If you directly decompile the preceding sequence into a sequence of assignment expressions, you come up with the following output:

Variable1 = Param3;
Variable2 = Variable1 + 4;
Variable1 = Param2;
Variable1 = Variable1 / Variable2
Variable3 = Param1;
Variable1 = Variable1 + Variable3 * 2;

Even though this is perfectly legal C code, it is quite different from anything that a real programmer would ever write. In this sample, a local variable was assigned to each register being used, which is totally unnecessary considering that the only reason that the compiler used registers is that many instructions simply can't work directly with memory operands. Thus it makes sense to track the flow of data in this sequence and eliminate all temporary register usage. For example, you would replace the first two lines of the preceding sequence with:

Variable2 = Param3 + 4;

So, instead of first loading the value of Param3 to a local variable before using it, you just use it directly. If you look at the following two lines, the same principle can be applied just as easily. There is really no need for storing either Param2 nor the result of Param3 + 4, you can just compute that inside the division expression, like this:

Variable1 = Param2 / (Param3 + 4);

The same goes for the last two lines: You simply carry over the expression from above and propagate it. This gives you the following complex expression:

Variable1 = Param2 / (Param3 + 4) + Param1 * 2;

The preceding code is obviously far more human-readable. The elimination of temporary storage registers is obviously a critical step in the decompilation process. Of course, this process should not be overdone. In many cases, registers represent actual local variables that were defined in the original program. Eliminating them might reduce program readability.

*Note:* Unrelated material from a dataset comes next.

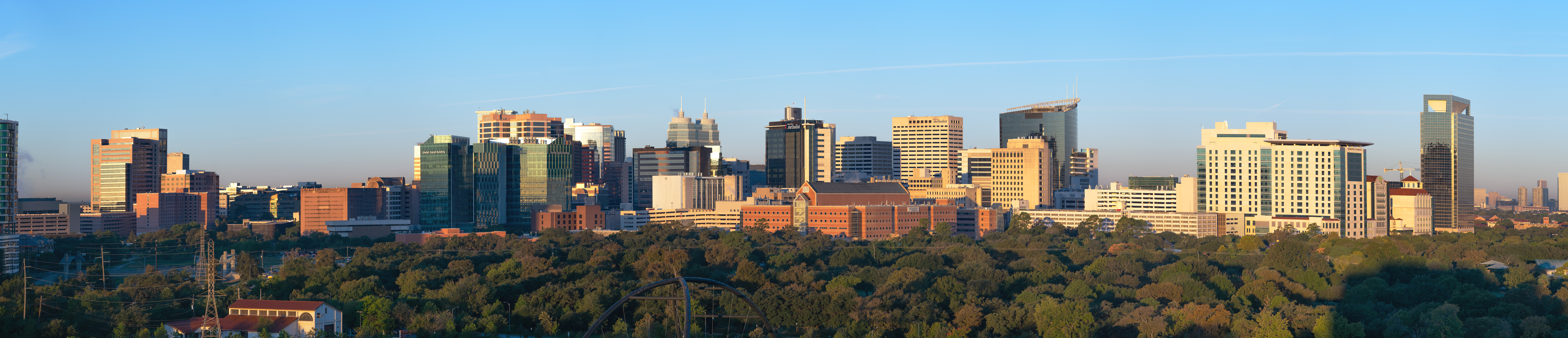 View of the Texas Medical Center from the east. Hermann Park is in the foreground.

In terms of implementation, one representation that greatly simplifies this process is the SSA notation described earlier. That's because SSA provides a clear picture of the lifespan of each register value and simplifies the process of identifying ambiguous cases where different control flow paths lead to different assignment instructions on the same register. This enables the decompiler to determine when propagation should take place and when it shouldn't.

Register Variable Identification

After you eliminate all temporary registers during the register copy propagation process, you're left with registers that are actually used as variables. These are easy to identify because they are used during longer code sequences compared to temporary storage registers, which are often loaded from some memory address, immediately used in an instruction, and discarded. A register variable is typically defined at some point in a procedure and is then used (either read or updated) more than once in the code.

Still, the simple fact is that in some cases it is impossible to determine whether a register originated in a variable in the program source code or whether it was just allocated by the compiler for intermediate storage. Here is a trivial example of how that happens:

int MyVariable = x * 4;
SomeFunc1(MyVariable);
SomeFunc2(MyVariable);
SomeFunc3(MyVariable);
MyVariable++;
SomeFunc4(MyVariable);

In this example the compiler is likely to assign a register for MyVariable, calculate x * 4 into it, and push it as the parameter in the first three function calls. At that point, the register would be incremented and pushed as a parameter for the last function call. The problem is that this is exactly the same code most optimizers would produce for the example that follows as well:

SomeFunc1(x * 4);
SomeFunc2(x * 4);
SomeFunc3(x * 4);
SomeFunc4(x * 4 + 1);

In this case, the compiler is smart enough to realize that x * 4 doesn't need to be calculated four times. Instead it just computes x * 4 into a register and pushes that value into each function call. Before the last call to SomeFunc4 that register is incremented and is then passed into SomeFunc4, just as in the previous example where the variable was explicitly defined. This is good example of how information is irretrievably lost during the compilation process. A decompiler would have to employ some kind of heuristic to decide whether to declare a variable for x * 4 or simply duplicate that expression wherever it is used.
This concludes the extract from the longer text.